Your spouse is a monkey, *SO* can't let go of one vine until *SO* has another.

The question is, what preventive maintenence will *SO* do to prevent from grabbing at someone else's vine in the future?

Did you noticed the commas? :lol:

Ya the spelling sucks!

I guess spelling and punctuation is more important then the fact that we all got screwed over by our cheat SO. 

OP, is your SO's name Pat, Sam..or Jan?


----------



## bigntall (Aug 12, 2014)

lenzi said:


> That's not going to cut it as an explanation, sorry.
> 
> But thanks for trying.
> 
> ...


This thread is awesome. yes, i am a guy. just a little gun shy right now about the 'want' for my x to reconcile. seems things have to be on her terms for it to happen. and i aint no dang vine!


----------



## Stretch (Dec 12, 2012)

lenzi said:


> How do the last 3 posters on this thread know the Op is a man?
> 
> It appears the Op has gone to extreme lengths not to disclose any gender information.


Sucked in by the poster before me, but I think it is safe to say that she got the "family" he got the bills.

Stretch


----------



## ReidWright (May 15, 2014)

are you sure of the timeline? she starting with this guy AFTER you two had planned to divorce? if this guy is the reason for the split, then no, don't be the fall back plan, don't be plan b. 

if it was only when you two were waiting for the paperwork to clear, then treat this other guy like any other ex-boyfriend...limited contact, etc.


----------



## bigntall (Aug 12, 2014)

ReidWright said:


> are you sure of the timeline? she starting with this guy AFTER you two had planned to divorce? if this guy is the reason for the split, then no, don't be the fall back plan, don't be plan b.
> 
> if it was only when you two were waiting for the paperwork to clear, then treat this other guy like any other ex-boyfriend...limited contact, etc.

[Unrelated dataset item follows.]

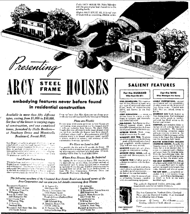 Arcy Ad, 1936 This advertisement touts Arcy's unique construction method, which combined structural steel and sheet steel covered by cork insulation and faced with brick or stone. Arcy Corporation, based in New York, built five homes in the $15,000 range in Forest Hill. One of them, at Monticello and Newbury Drive, was furnished by Halle Bros. department store as a demonstration. Its plans to build many more such houses fell through amid Depression woes. Image from Plain Dealer, November 29, 1936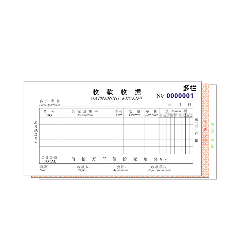 主力 收款收据 无碳复写收据自带垫板 0504 48K三联多栏 单本

guy came in about 8 months after divorce was filed. been there ever since off and on. ive already started limited contact


----------



## Mr Blunt (Jul 18, 2012)

> By Bigntall
> new here
> 
> coming off a long term relationship and the divorce was finalized at the end of last year. my past SO is having second thoughts and reconciliation has been discussed. I would entertain the thought of doing this.
> ...


*It is crucial that you continue to work on you getting physically and emotionally healthier; make that your number one priority.* I have heard that it takes from 4-5 years to recover emotionally from a divorce. You are in no shape to make such a big decision in regards to taking you x-wife back right now. 





*



seems things have to be on her terms for it to happen.

Click to expand...

*BINGO that is a winner of a clue for you! If you miss this huge red flag then you are gullible and weak.


----------